- [DIRECTIONS]: This calls for a word-for-word copy of all the data, with each picture removed.

- [SOURCE DATA]:
<<<<

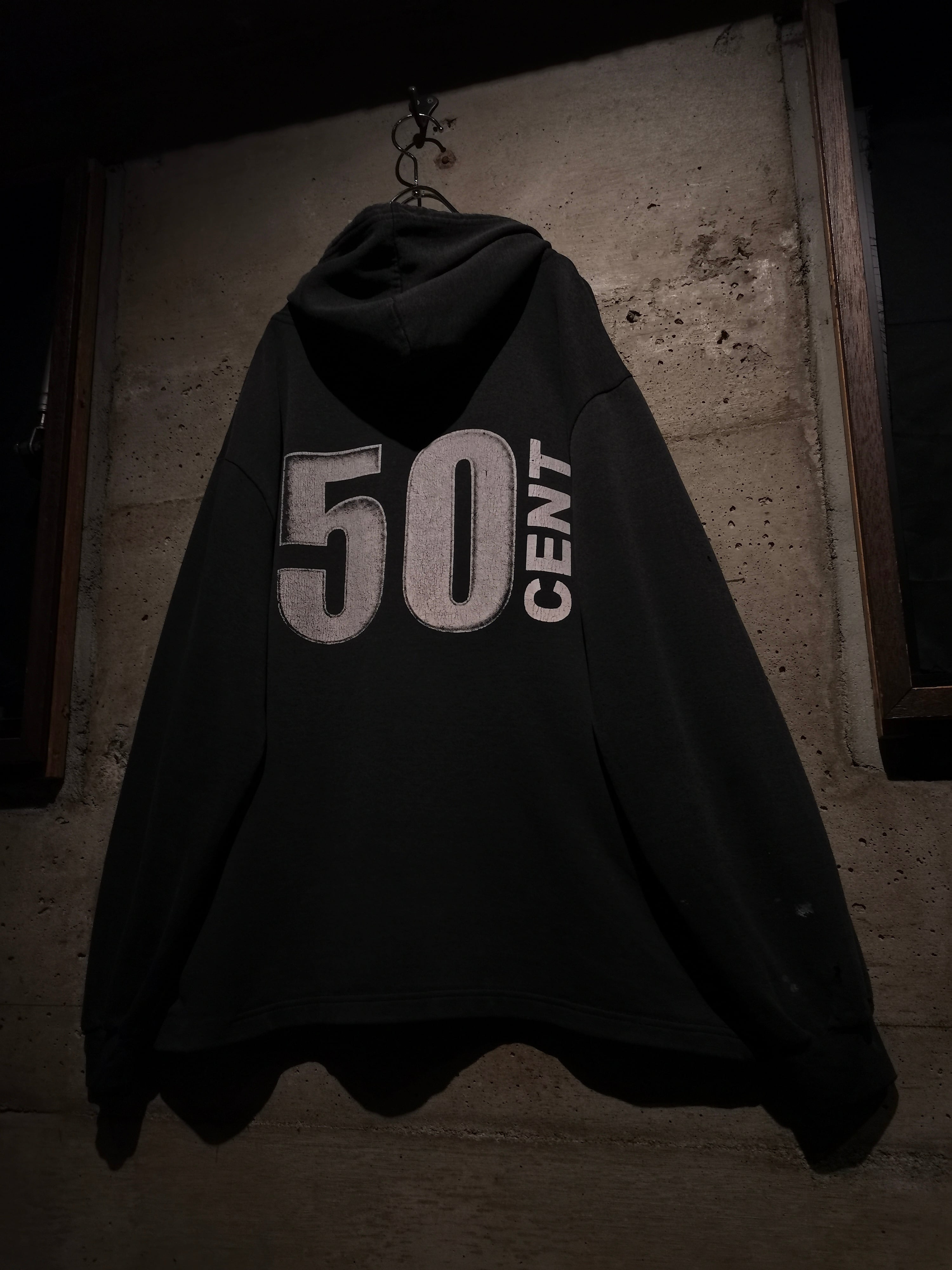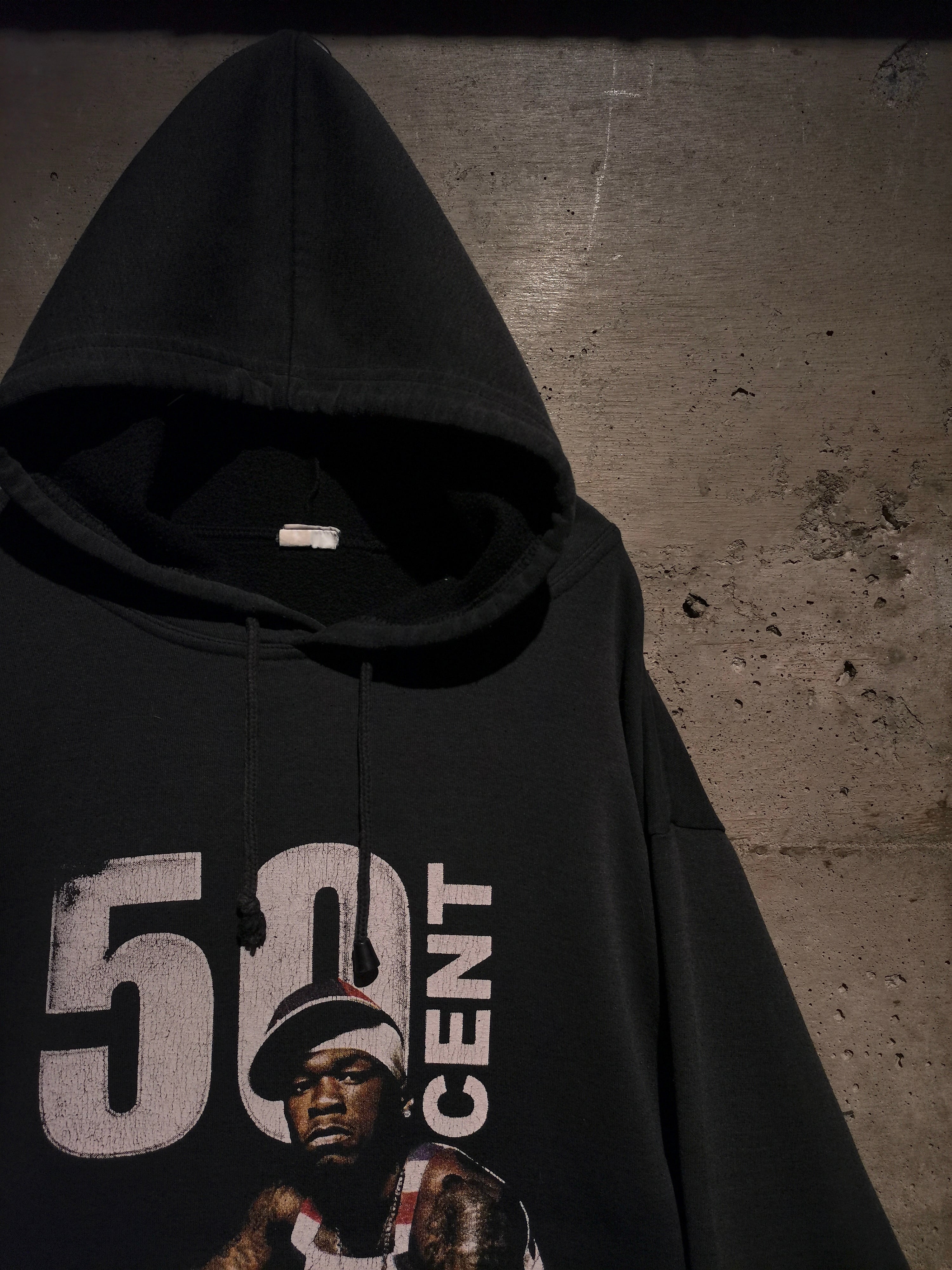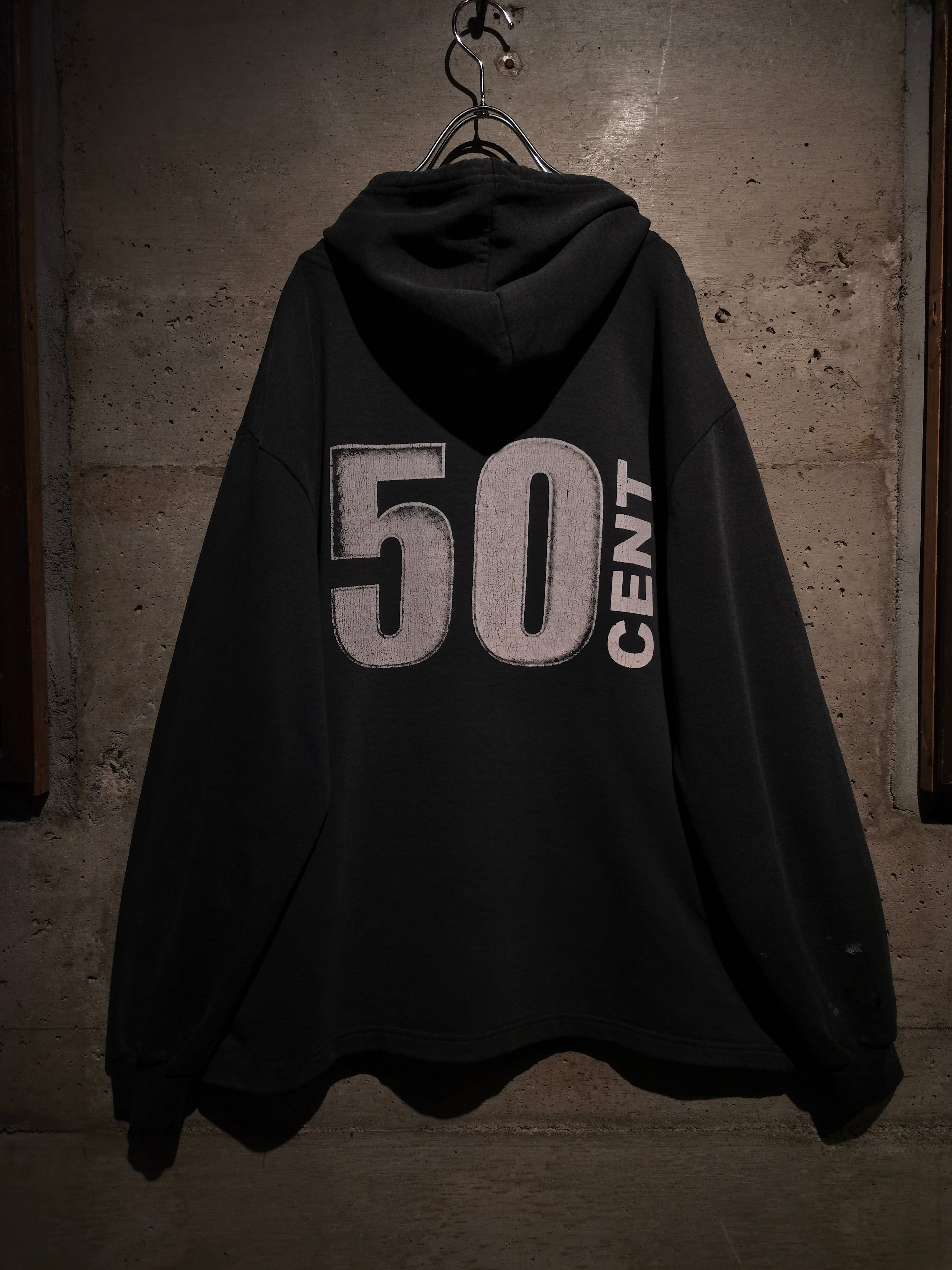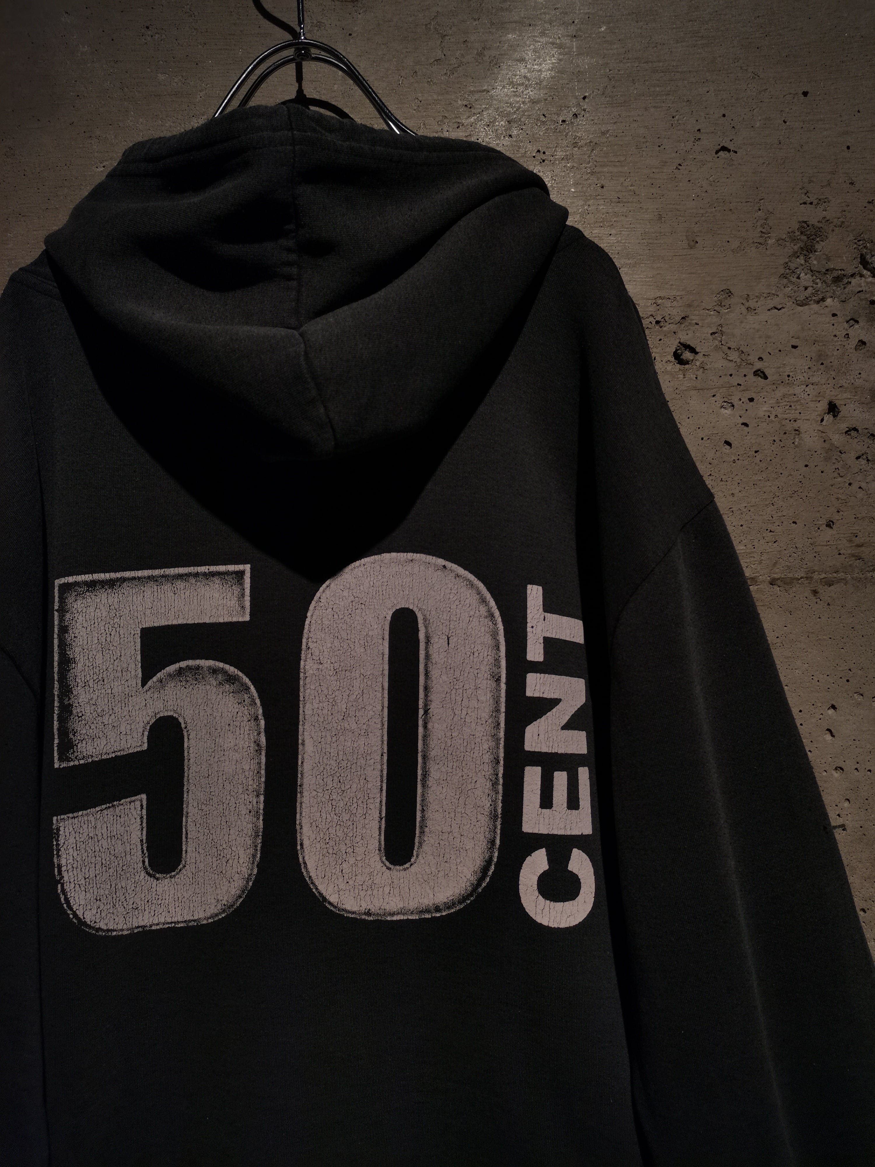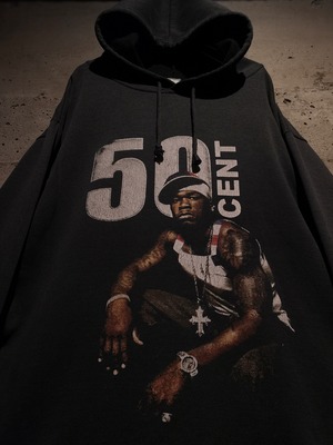 2000年代を代表するラッパー"50 Cent"がプリントで載せられた、90〜00'sのユーロブートのプルオーバーフーディ。
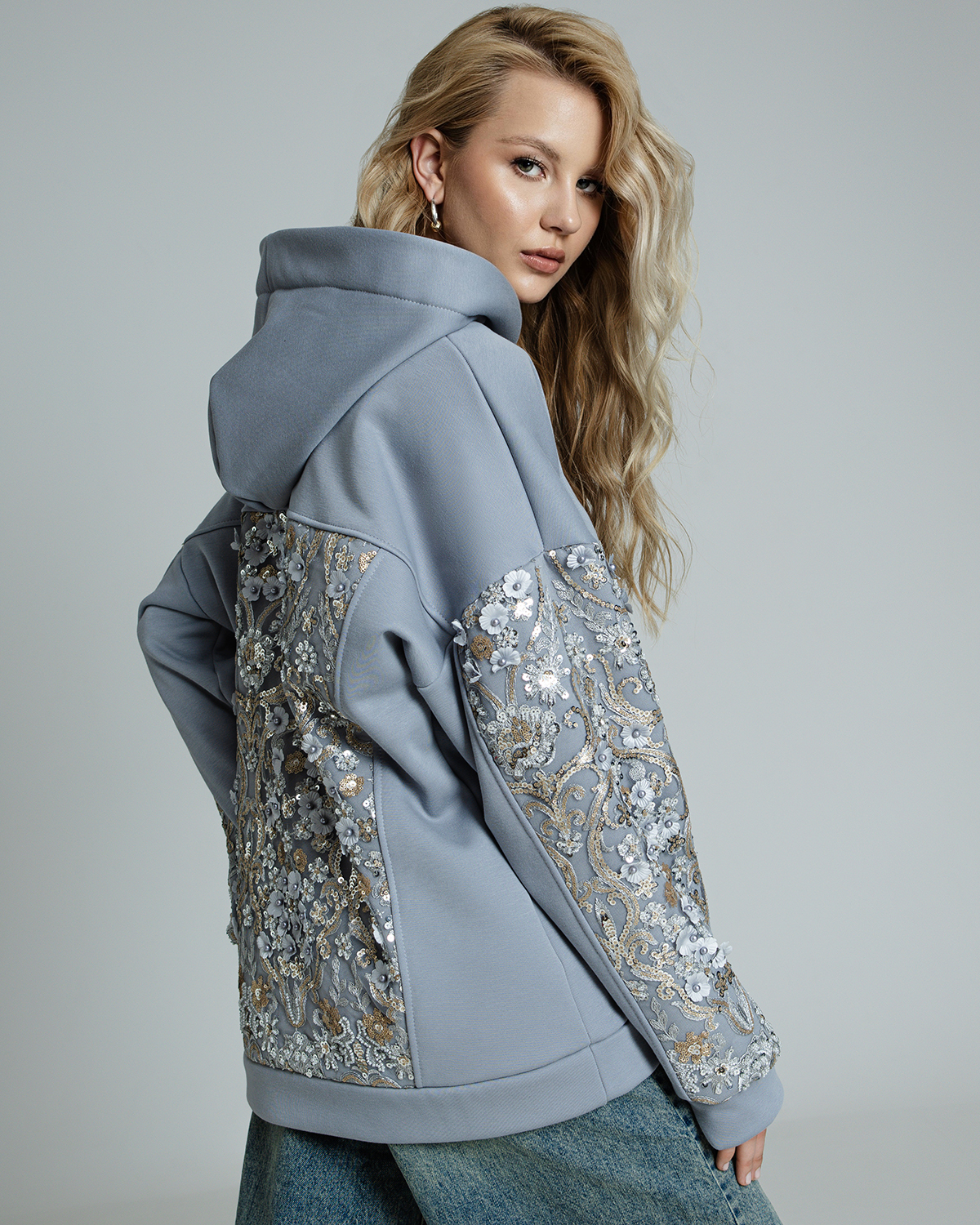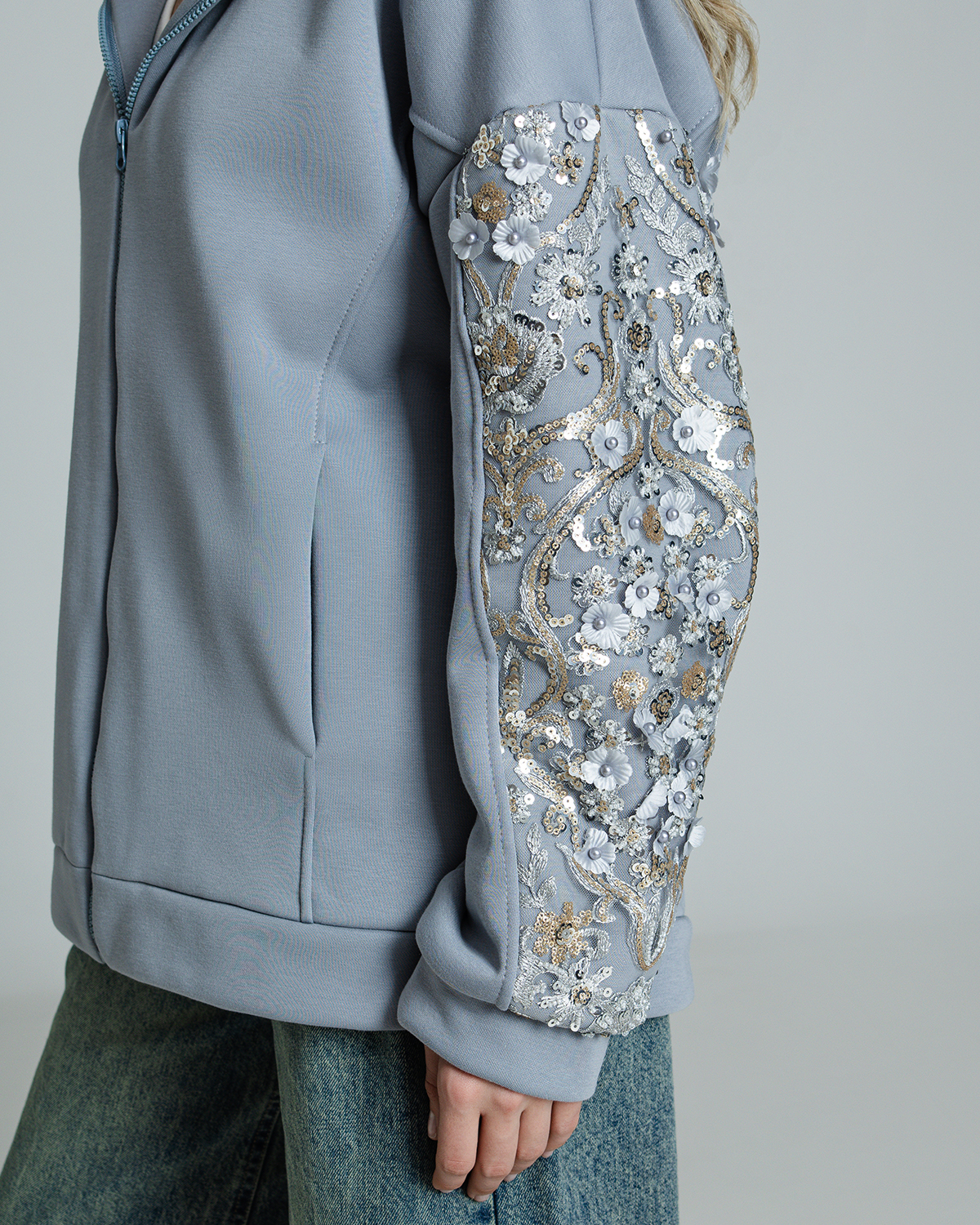 Толстовка с вышивкой, пайетками и стразами TC013
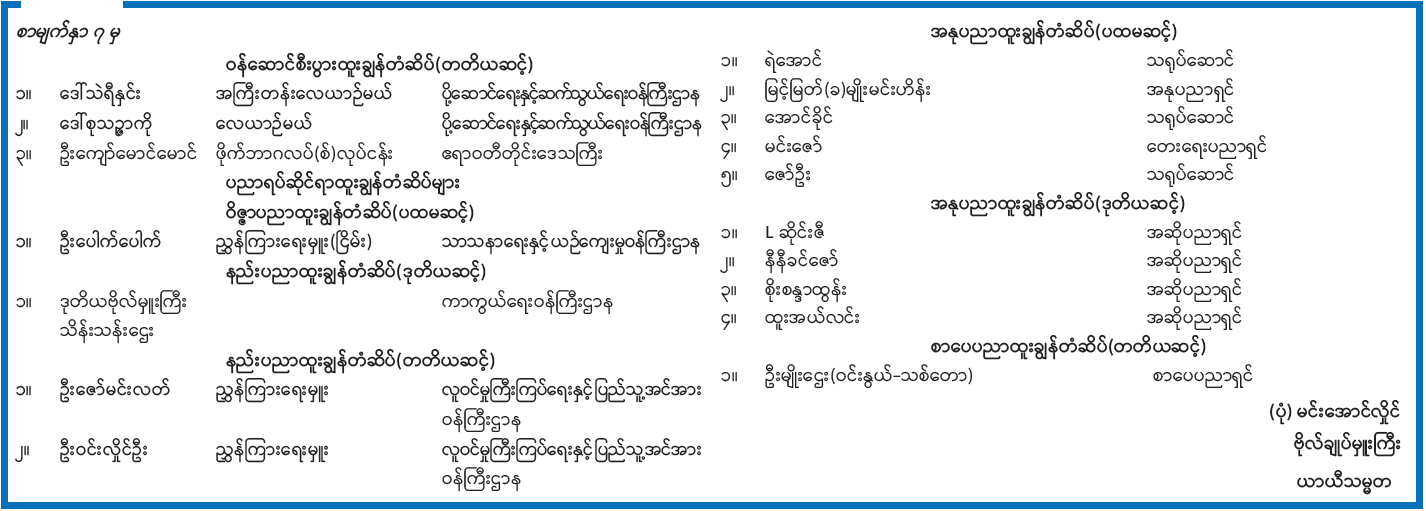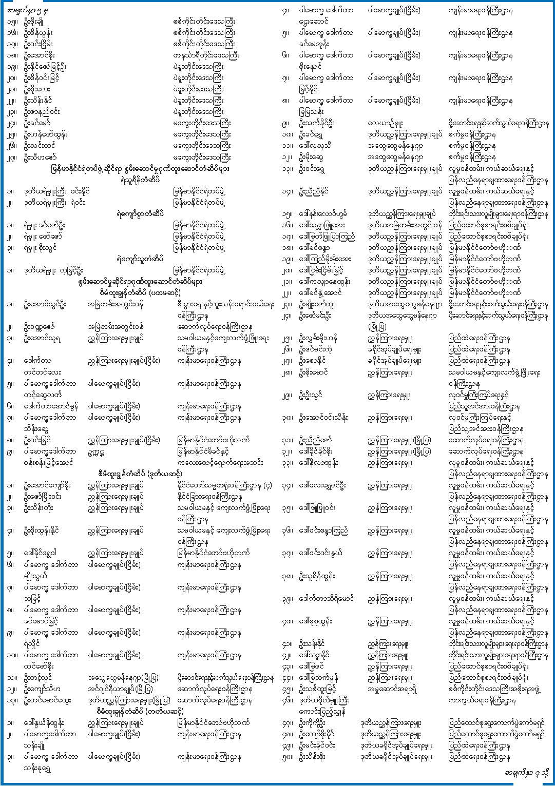 ဝန်ကြီးဌာန ကြေညာချက်များ

>>>>

- [OUTPUT BELOW]:
 2000年代を代表するラッパー"50 Cent"がプリントで載せられた、90〜00'sのユーロブートのプルオーバーフーディ。
 Толстовка с вышивкой, пайетками и стразами TC013
 ဝန်ကြီးဌာန ကြေညာချက်များ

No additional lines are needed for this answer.